**Exercise brief**
An exact reprint of the listing is required, with no pictures included.
------------------------------------------------------------
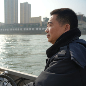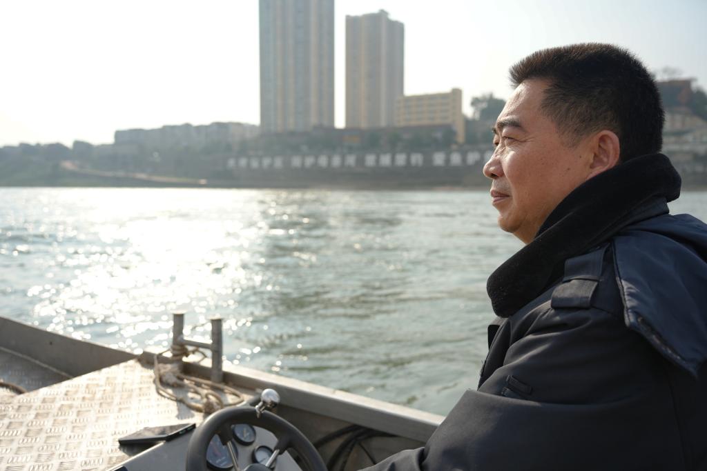 刘鸿正在开船巡护长江江津段。新华社记者田金文 摄
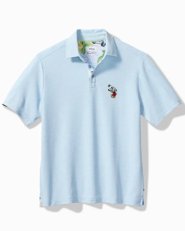 Tee-up and take on the green in a polished yet playful polo, complete with an embroidered decoration of a golf-playing Mickey Mouse. Finished with woven trim and crafted from an ultra-soft Supima cotton blend, this short-sleeve style offers casual comfort in a clean, minimalist look that’s also UPF rated!
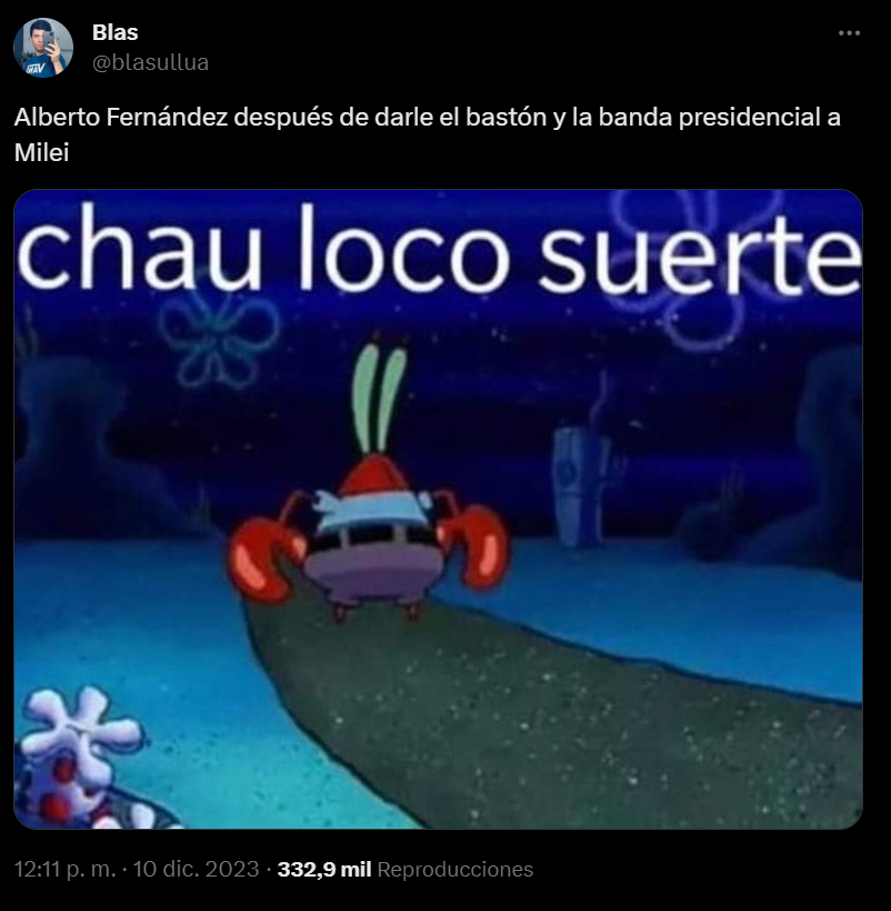 Asumió el referente libertario, Javier Milei, como presidente de la Nación y las redes sociales explotaron. A continuación, los mejores memes
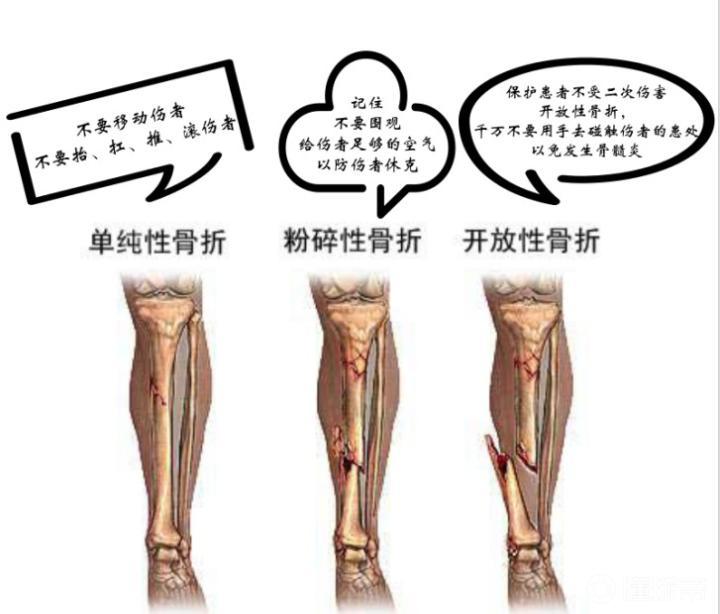 如何处理:第一时间拨打急救电话。不要移动伤者,不要抬、扛、推、滚伤者,不要围观,给伤者足够的空气,以防伤者休克。保护患者不受二次伤害。如果条件允许,可做简单的固定保护措施。耐心等待专业人士到场。如果是开放性骨折,记得千万不要用手去碰触伤者的患处,以免发生骨髓炎。
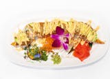 Fried soft shell crab, avocado, asparagus, scallion, masa, and tamago with sweet sauce.
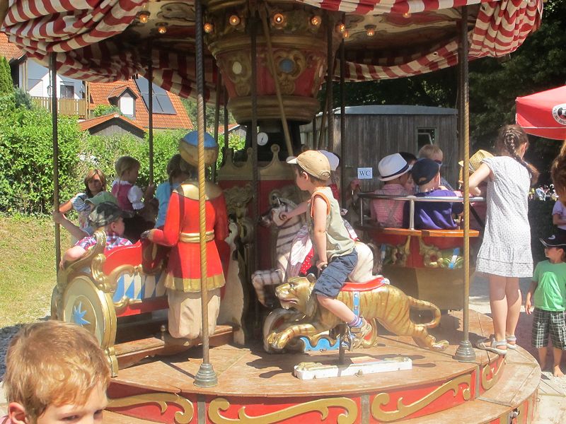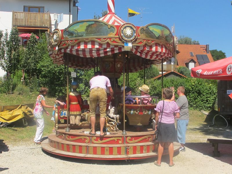Für das leibliche Wohl war bestens gesorgt, Biertische für die Besucher aufgestellt, und rundherum stand alles unter dem Motto "Auer Dult". Da gab es ein altes Kinderkarussell wie aus uralten Zeiten, Losbuden, Ballwerfbuden und Süßigkeitenstände.
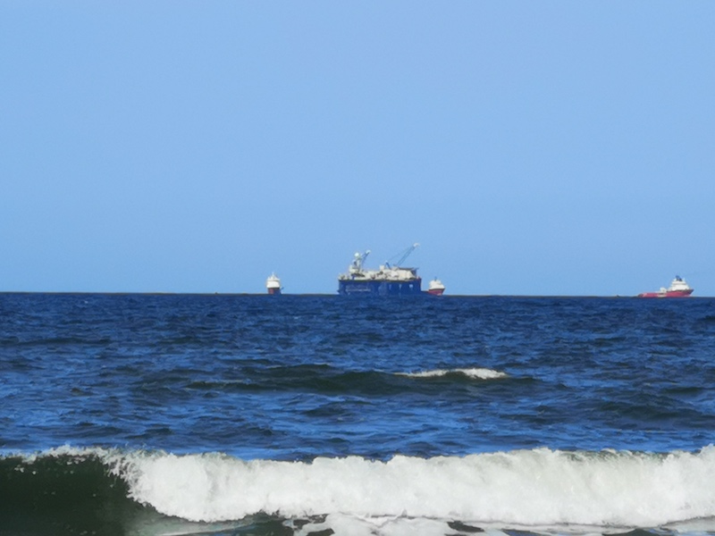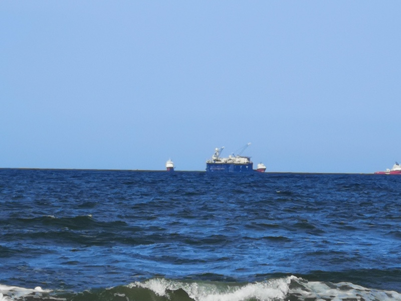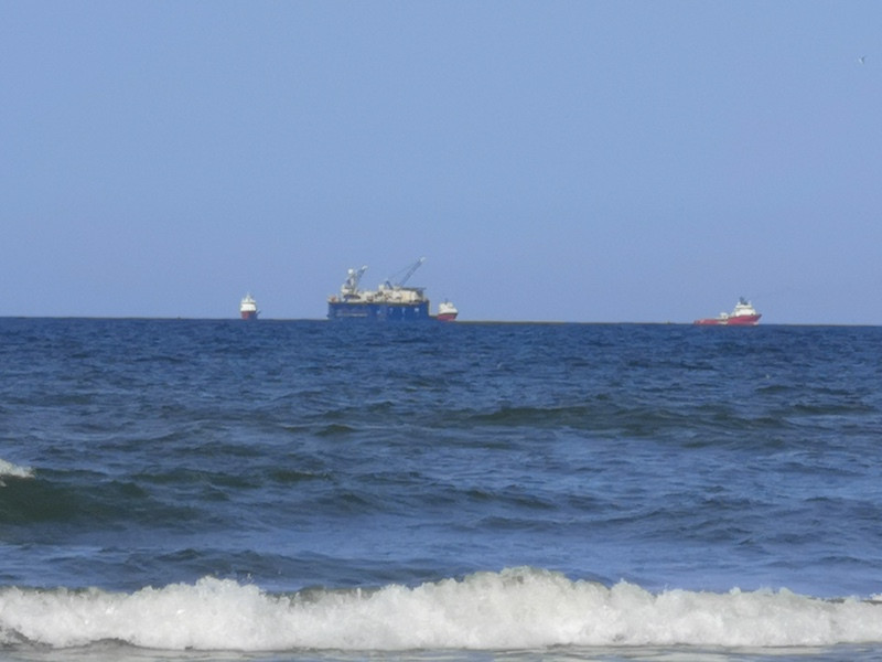 Dwa dni temu stał ok. 6 km od celu, a teraz, z uwagi na spokojne morze, układanie rur na dnie trwa coraz szybciej. Przypomnę, że ostatni 1600-metrowy odcinek zostanie wciągnięty na brzeg za pomocą specjalistycznej wciągarki, która jest już zamontowana na stacji brzegowej.
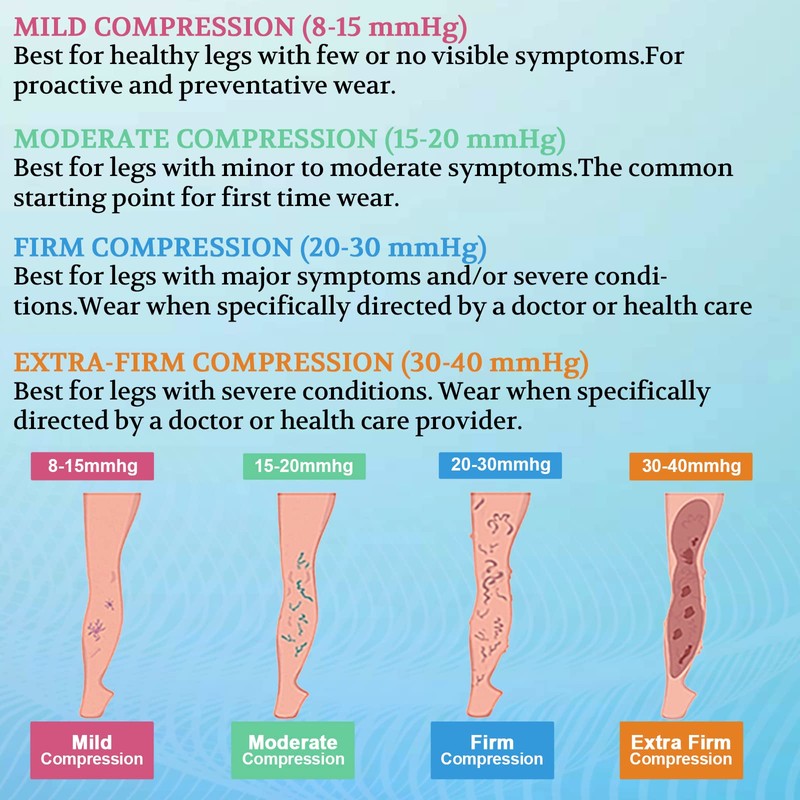 - Recommended for: Pronounced Varicose Veins, Spider Veins, Edema, DVT, Post-Surgery, Swelling in Ankles Calf Feet, Enlarged Bulging Veins, Pregnant Nursing Expecting Mothers (when indicated by a doctor), Travel (prevents blood pooling and clots in frequent flyers), Tired Aching Heavy Legs, Muscle Recovery Post Cardio Workout and Exercise.
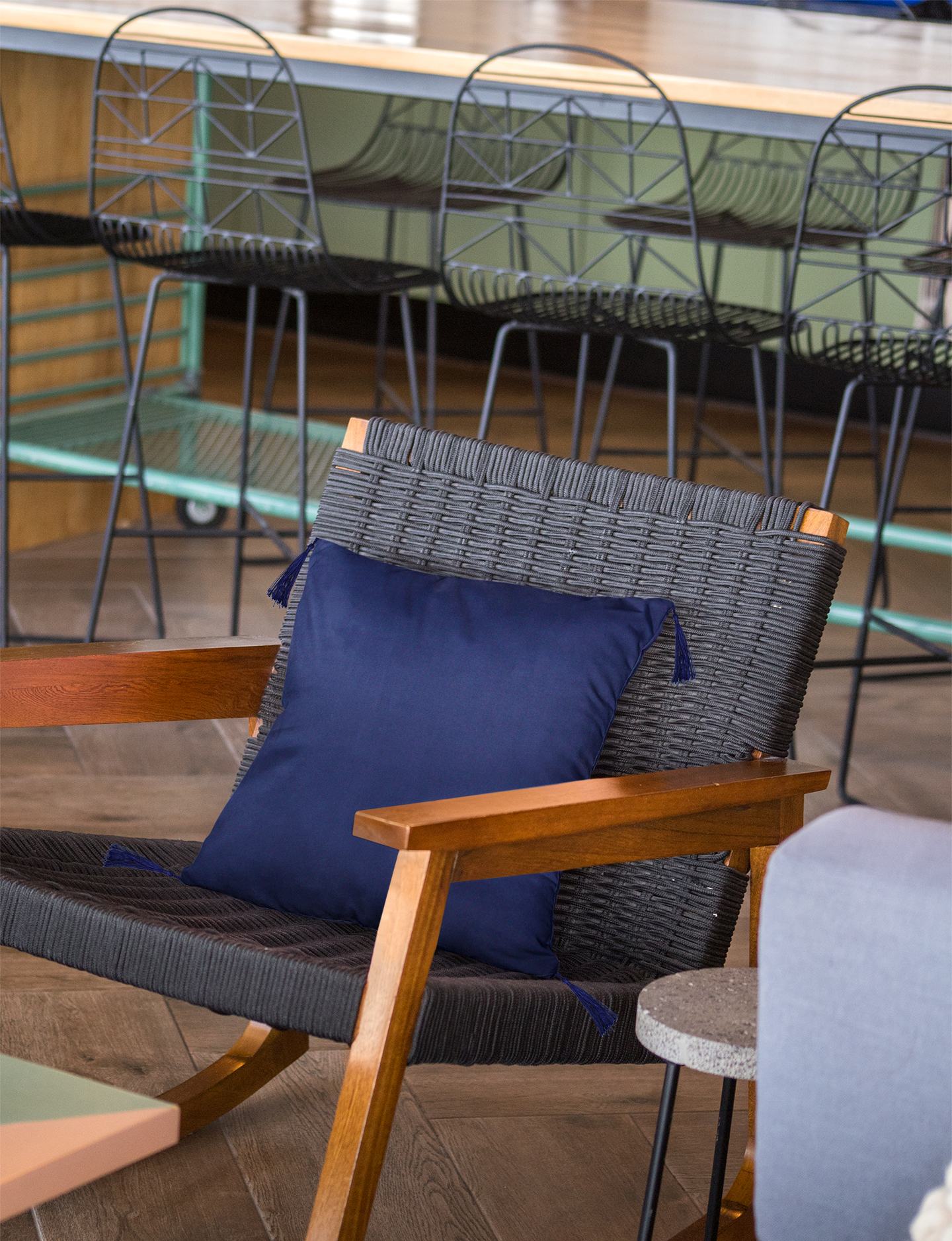 Poszewka dekoracyjna wykonana z weluru z chwostami wykonana z designerskiego Velvetu. Na narożnikach poduszki znajdują się dekoracyjne chwosty.
------------------------------------------------------------
**Task solution**
 刘鸿正在开船巡护长江江津段。新华社记者田金文 摄
 Tee-up and take on the green in a polished yet playful polo, complete with an embroidered decoration of a golf-playing Mickey Mouse. Finished with woven trim and crafted from an ultra-soft Supima cotton blend, this short-sleeve style offers casual comfort in a clean, minimalist look that’s also UPF rated!
 Asumió el referente libertario, Javier Milei, como presidente de la Nación y las redes sociales explotaron. A continuación, los mejores memes
 如何处理:第一时间拨打急救电话。不要移动伤者,不要抬、扛、推、滚伤者,不要围观,给伤者足够的空气,以防伤者休克。保护患者不受二次伤害。如果条件允许,可做简单的固定保护措施。耐心等待专业人士到场。如果是开放性骨折,记得千万不要用手去碰触伤者的患处,以免发生骨髓炎。
 Fried soft shell crab, avocado, asparagus, scallion, masa, and tamago with sweet sauce.
Für das leibliche Wohl war bestens gesorgt, Biertische für die Besucher aufgestellt, und rundherum stand alles unter dem Motto "Auer Dult". Da gab es ein altes Kinderkarussell wie aus uralten Zeiten, Losbuden, Ballwerfbuden und Süßigkeitenstände.
 Dwa dni temu stał ok. 6 km od celu, a teraz, z uwagi na spokojne morze, układanie rur na dnie trwa coraz szybciej. Przypomnę, że ostatni 1600-metrowy odcinek zostanie wciągnięty na brzeg za pomocą specjalistycznej wciągarki, która jest już zamontowana na stacji brzegowej.
 - Recommended for: Pronounced Varicose Veins, Spider Veins, Edema, DVT, Post-Surgery, Swelling in Ankles Calf Feet, Enlarged Bulging Veins, Pregnant Nursing Expecting Mothers (when indicated by a doctor), Travel (prevents blood pooling and clots in frequent flyers), Tired Aching Heavy Legs, Muscle Recovery Post Cardio Workout and Exercise.
 Poszewka dekoracyjna wykonana z weluru z chwostami wykonana z designerskiego Velvetu. Na narożnikach poduszki znajdują się dekoracyjne chwosty.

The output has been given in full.